The idea is that you should prepare these exercises at home, by yourself or with your group. If you have any questions, you can come to the exercise session and ask them to the assistants. (If you do not prepare in advance, there is little point in coming!)

Lectures: Monday+Thursday+Friday, week 2; Monday, week 3.

Read: Lehman, Leighton, and Meyer: Chapter 5 and 6 (6.1-6.2).

Some answers are available.

Make sure you are comfortable with the following before you start the next exercises:

Chapter 5: Problems 5.16, 5.21, 5.22, 5.23.

Chapter 6: Problems 6.1, 6.2

Now, please think about these.

1. Is n³ ≤ n², for all n ≥ 0? What happens when you try to prove it by induction?

2. Show that 8ⁿ - 3ⁿ is divisible by 5, for all n ≥ 1.

3. Show that 1⋅2 + 2⋅3 + 3⋅4 + ... + n⋅(n+1) = n(n+1)(n+2)/3, for all n ≥ 1.

4. Show that 4n < 2ⁿ, for all n ≥ 5.

5. Show that the n-th derivative of xⁿ is n!, for all n ≥ 1. (You can compute the n-th derivative by taking the derivative n times.)

6. Take a look at the following recursive function definition for f : ℕ⁺ x ℕ -> ℕ:

f(x,0) = 1
f(x,n) = f(x,n/2)²   ,   if n > 0 and n is even
f(x,n) = x⋅f(x,n-1)   ,   if n is odd

Prove that f(x,n) = xⁿ for all x>0 and all n≥0.

7. A chocolate bar consists of a number of squares (say, n > 0) arranged in a rectangular pattern. You can split the bar into two smaller bars only by breaking along the lines between the squares. You can repeat this process as many times as you want. What is the minimum number of breaks you have to perform to break the chocolate bar completely into n small squares?

Prove your claim by induction.

8. Imagine that you live in a country that only has two kinds of stamps: stamps that cost 4kr and stamps that cost 5kr. Sending a letter may cost any amount from 12kr upwards.

Show that you can always use 4kr and/or 5kr stamps to get to any amount ≥ 12kr you have to pay for a letter.

Examples: 12kr can be made by 3 stamps of 4kr. 13kr can be made by 2 stamps of 4kr and one stamp of 5kr. 14kr can be made by 2 stamps of 5kr and one of 4kr, etc.

9. You are given a non-empty list of natural numbers.

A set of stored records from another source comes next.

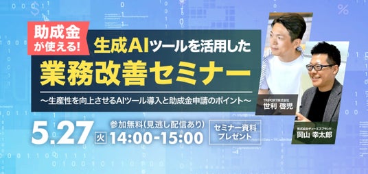 TRIPORTは、ディーエスブランドが主催するセミナー「助成金が使える! 生成AIツールを活用した業務効率化セミナー ~生産性を向上させるAIツール導入と助成金申請のポイント~」(2025年5月27日(火)開催)に登壇します。
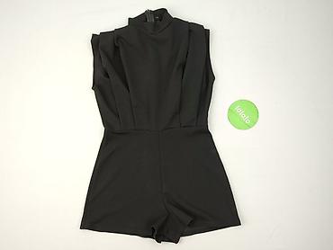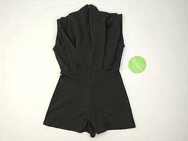 Czarny kombinezon damski Even&Odd, rozmiar S. - Fason: krótki kombinezon (shorts), z dopasowaną górą i lekko rozszerzanymi nogawkami. - Dekolt: halter z wycięciem w kształcie V z przodu; zapinany ...
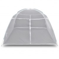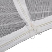 Dette myggenet er lavet af 100 % polyester og er formet som en mongolsk jurte med to åbninger. Myggenettets fine trådnet (225 huller/kvadrattommer) sikrer dig både en perfekt luftcirkulation og beskyttelse mod insektbid. Stængerne er fremstillet af kvalitetsglasfiber, hvilket gør dem meget stabile og yderst holdbare. Ydermere er det utrolig nemt at komme ind under nettet, da der er en åbning i hver side med 2 lynlåse.
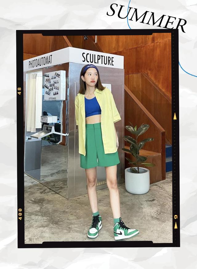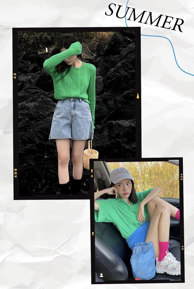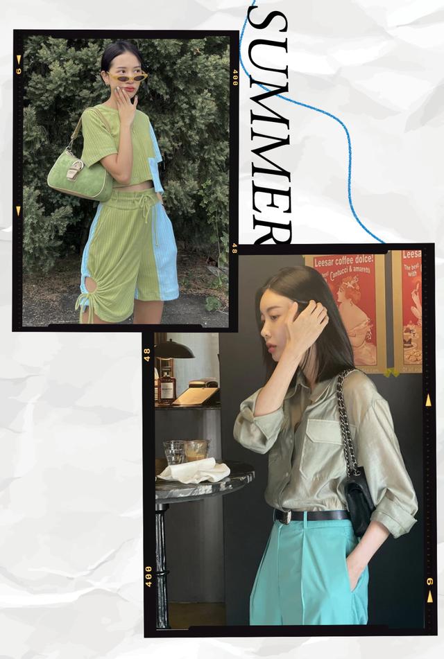 肤色白皙的姐妹可以试试高饱和的绿色+蓝色,大面积亮色炒鸡吸睛!
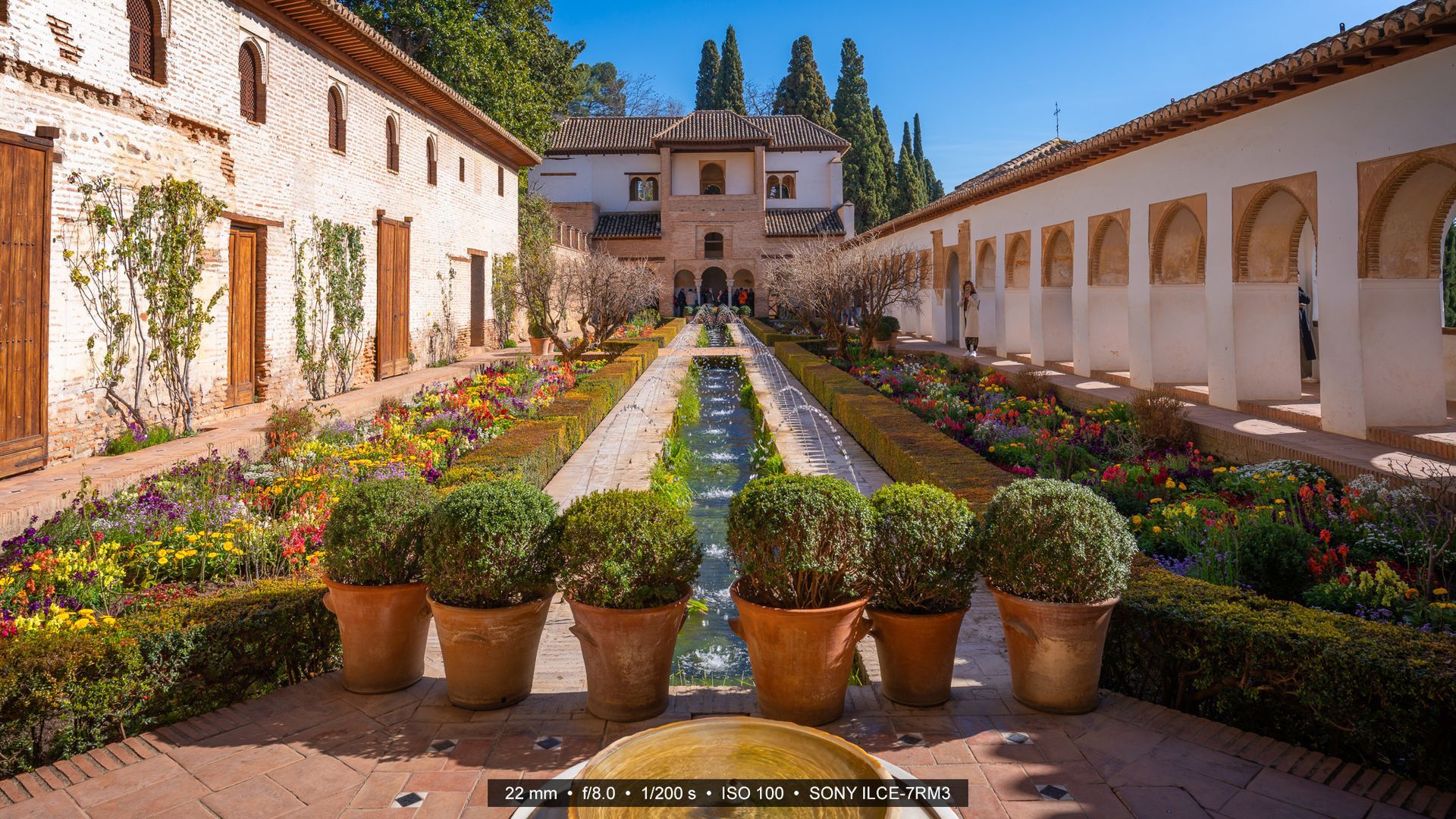 Der Generalife, genauer gesagt der Patio de la Acequia, ist der berühmteste Hof der Sommerresidenz der Nasridenherrscher innerhalb des Alhambra-Komplexes. Er liegt etwas abseits der Nasridenpaläste und war ursprünglich als Rückzugsort der Herrscher gedacht, ein Ort der Ruhe, Gärten, Wasserläufe und Arkadengänge. Ein langes Wasserbecken mit kleinen Springbrunnen zieht sich durch die Mitte, flankiert von farbenfrohen Blumenbeeten, akkurat geschnittenen Hecken und schattigen Wandelgängen.

You repeat the following steps:

• If the list only has one number, you stop.

• If the list has more than one number, remove the least number. (If there are several least numbers, remove one of them.)

Prove by using an invariant that you are right.

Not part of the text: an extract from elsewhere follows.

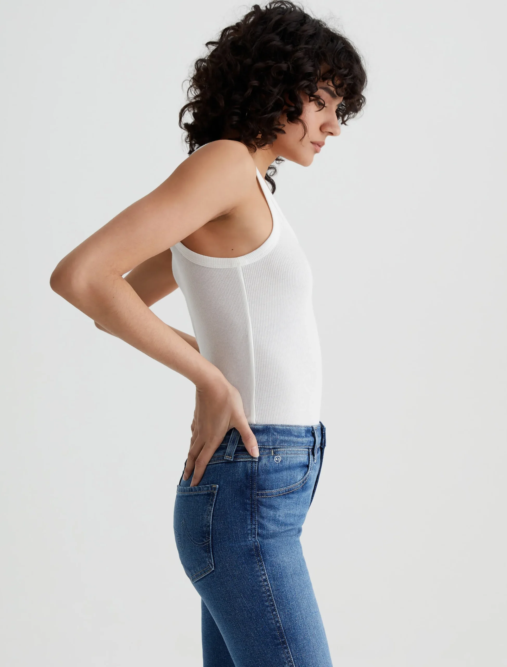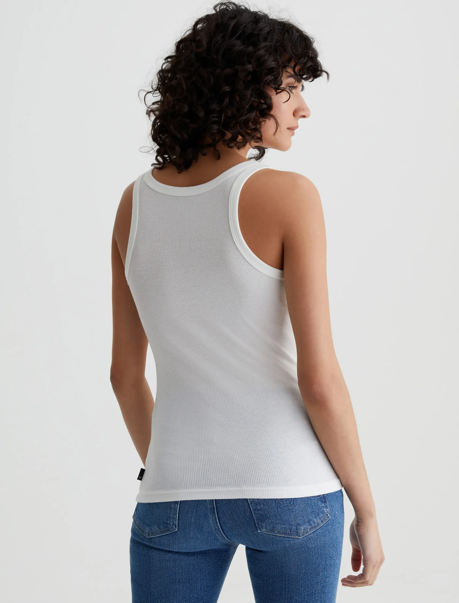 The Kura Tank in white has a slim fit in a figure-clinging rib knit. It’s blended with cotton and lyocell for natural breathability and extra softness.
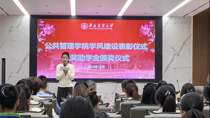 12月18日下午,公共管理学院2025年学风建设表彰仪式暨奖助学金颁奖仪式在学院中会议室隆重举行。学院党委副书记王希、广东东图规划科技有限公司副总经理郭敏、广州市睿宝机械有限公司总经理助理邱雪琼、行政管理系主任武玉坤、公共事业管理系主任朱汉平、社会保障与风险管理系主任徐强、土地资源管理系副主任李玮、社会工作系副主任曾永辉、公共管理学院辅导员朱浩权以及获奖师生出席本次颁授仪式。

10. We are given two natural numbers A and B, either both odd or both even. We write them down on a piece of paper. Now, we repeat the following steps:

• Look at the paper. If the distance between the two numbers on the paper is 0 or 1, we stop.

• If the distance between the two numbers on the paper is greater than 1, we cross out the smallest number, add 1 to it, and write the result down on the paper. We also cross out the largest number, subtract 1 from it, and write the result down on the paper.

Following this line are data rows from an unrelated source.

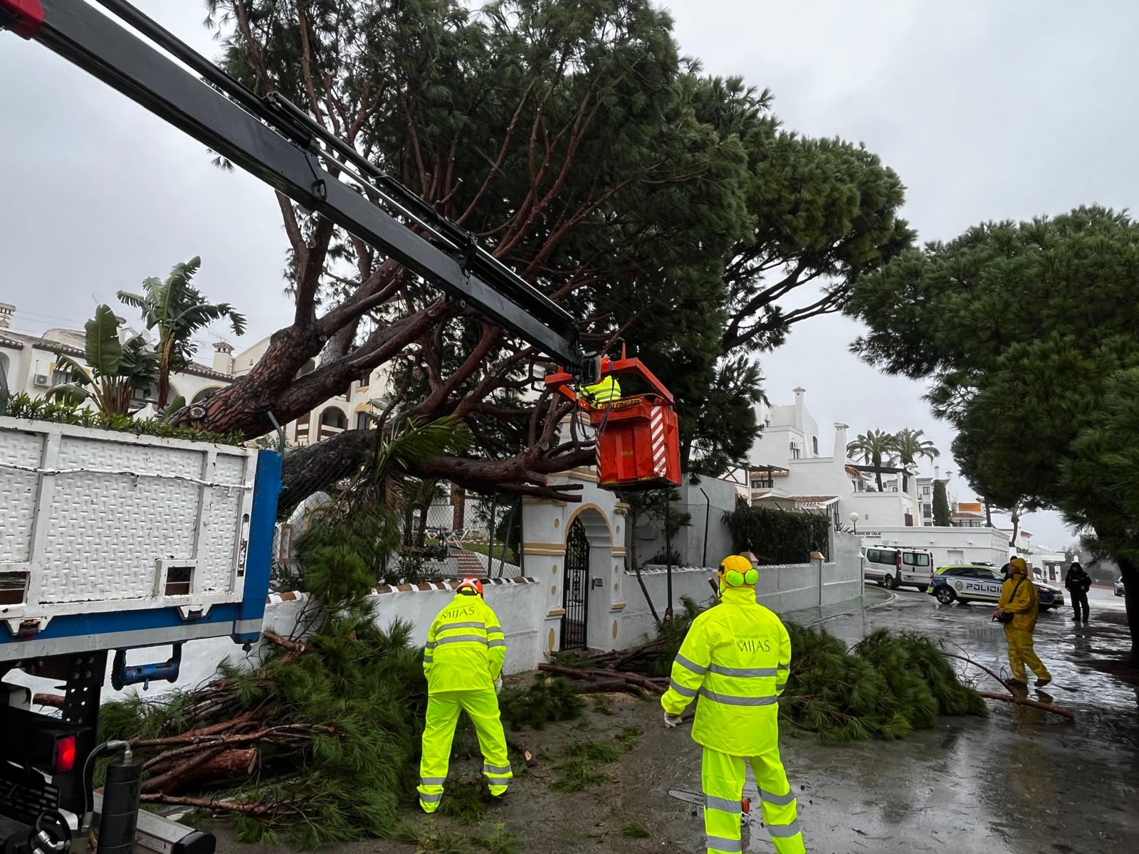 En lo que se refiere a la caída de árboles, estos se han sucedido en Mijas Pueblo Las Lagunas y Calahonda, además de en la avenida Esmeralda y en La Cala. Fue necesaria la intervención ya que estos suponían un riego para la circulación y el tránsito de personas.
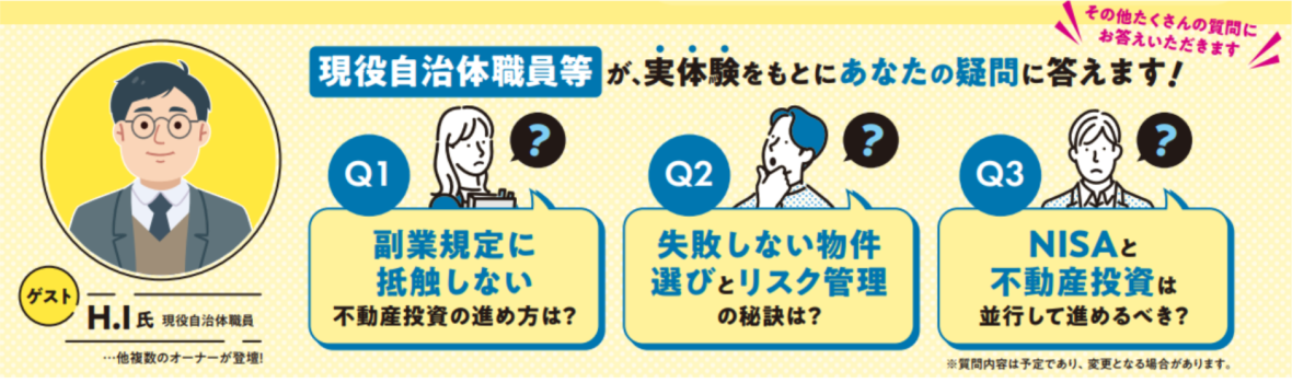現役公務員等が、自らの体験をもとに“不動産投資のリアル”を語ります。
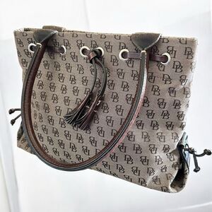 Dooney & Bourke Vintage Signature Monogram, Brown Leather Tassel, Handbag, Tote
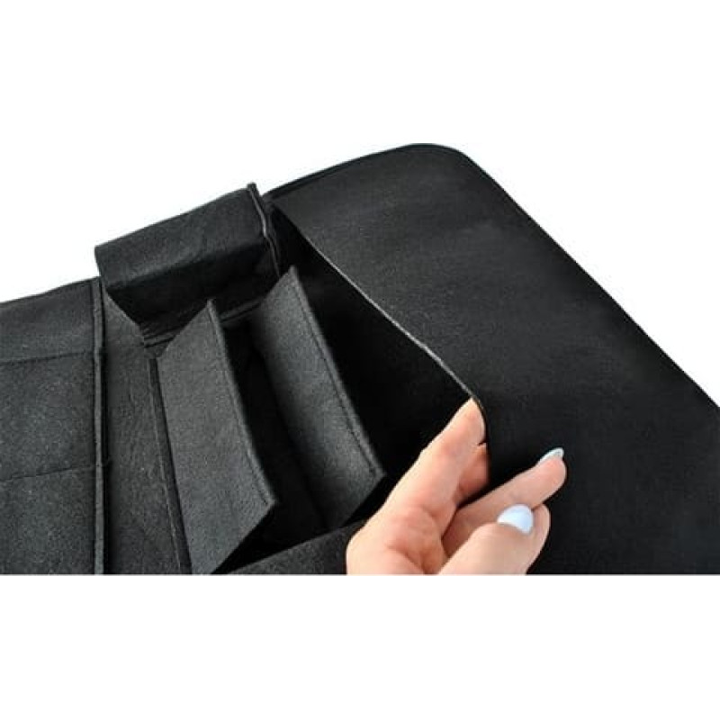 SĒDEKĻA AIZSARDZĪBA - auto organaizers ne tikai ļauj sakārtot nepieciešamākās lietas un viegli tām piekļūt, bet arī lieliski pasargā sēdekļa atzveltni no notraipīšanas ar apaviem. Šis ir ideāls risinājums gan gaišam, gan tumšam polsterējumam – organaizeru ir vieglāk iztīrīt nekā visu krēslu.
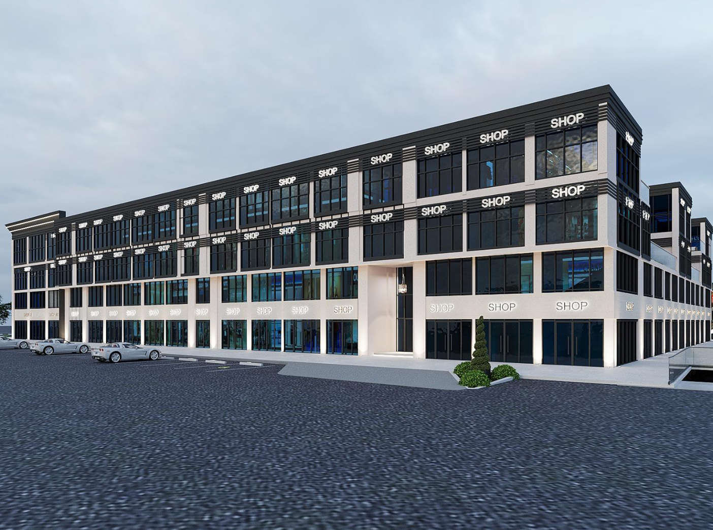 | التصميم المعماري | طابق أرضي + أول علوي محاط بساحة مركزية (Open Plaza) |
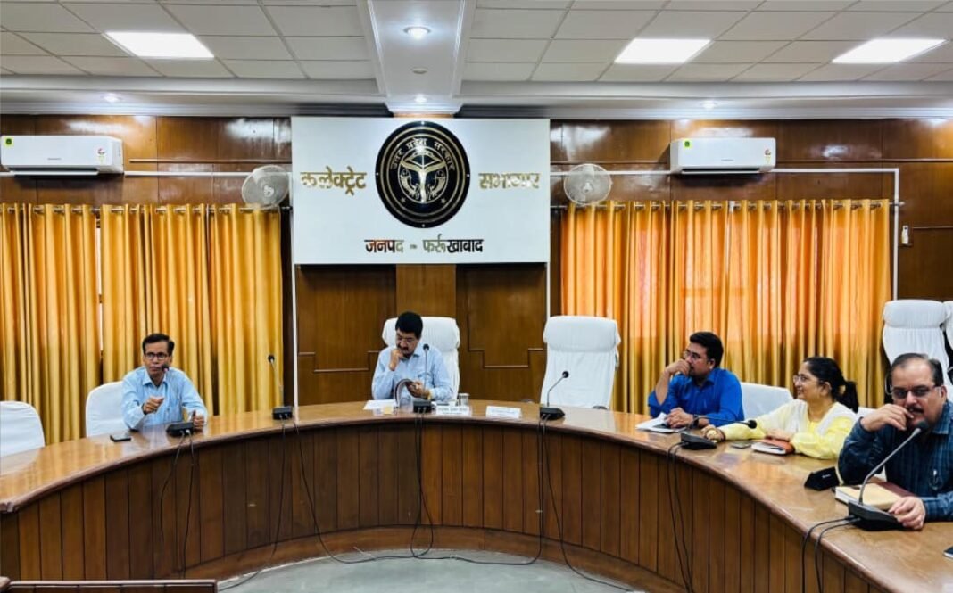 फर्रुखाबाद। जिलाधिकारी आशुतोष कुमार द्विवेदी की अध्यक्षता में कलेक्ट्रेट सभागार में फार्मर रजिस्ट्री को लेकर एक महत्वपूर्ण बैठक आयोजित की गई, जिसमें जनपद में चल रही गेहूं खरीद व्यवस्था को और अधिक पारदर्शी एवं सुचारु बनाने पर विशेष जोर दिया गया। बैठक में अपर जिलाधिकारी (वि०/रा०) अरुण कुमार सिंह, उप कृषि निदेशक अरविन्द मोहन मिश्र, सहायक निबंधक सहकारी समितियां अजय पालीवाल, वरिष्ठ विपणन अधिकारी रोली सिंह सहित विभिन्न विभागों के अधिकारी एवं कर्मचारी उपस्थित रहे।

Prove by using an invariant that you are right.

These exercises are for students who are looking for a challenge.

1*. Look at the Haskell function ++. Show that for any lists xs, ys, and zs, the following holds:

xs ++ (ys ++ zs) = (xs ++ ys) ++ zs

Hint: Prove the following: For any natural number n, if we have a list xs of length n, and two other lists ys and zs, then xs ++ (ys ++ zs) = (xs ++ ys) ++ zs. Do this by induction over n.

2*. Given a bag that contains 50 white balls and 50 black balls. You repeat the following procedure until only one ball is left in the bag:

You take out 2 balls: if they have the same color, you put back a black ball in the bag; if they have different colors, you put back a white ball in the bag. (You may need extra black balls to do this.)

What can you say about the color of the last ball in the bag?

Hint: find an invariant that says something about the relationship between the number of black balls and the number of white balls.

3*. Problem 6.8 from the book: The 15-puzzle.

(This exercise appears in the book in section 5.1.5. I leave it here for completeness.

4*. Take a look at the following shape of a puzzle piece:

Now, imagine a grid of 1024x1024 squares, of which we remove 1 square. Show that the rest of the grid can be completely covered by pieces of the shape above (without any piece sticking out on the side, or covering the square we removed).

Hint: Prove that you can do this for any grid of dimensions 2ⁿ x 2ⁿ, by induction over n.)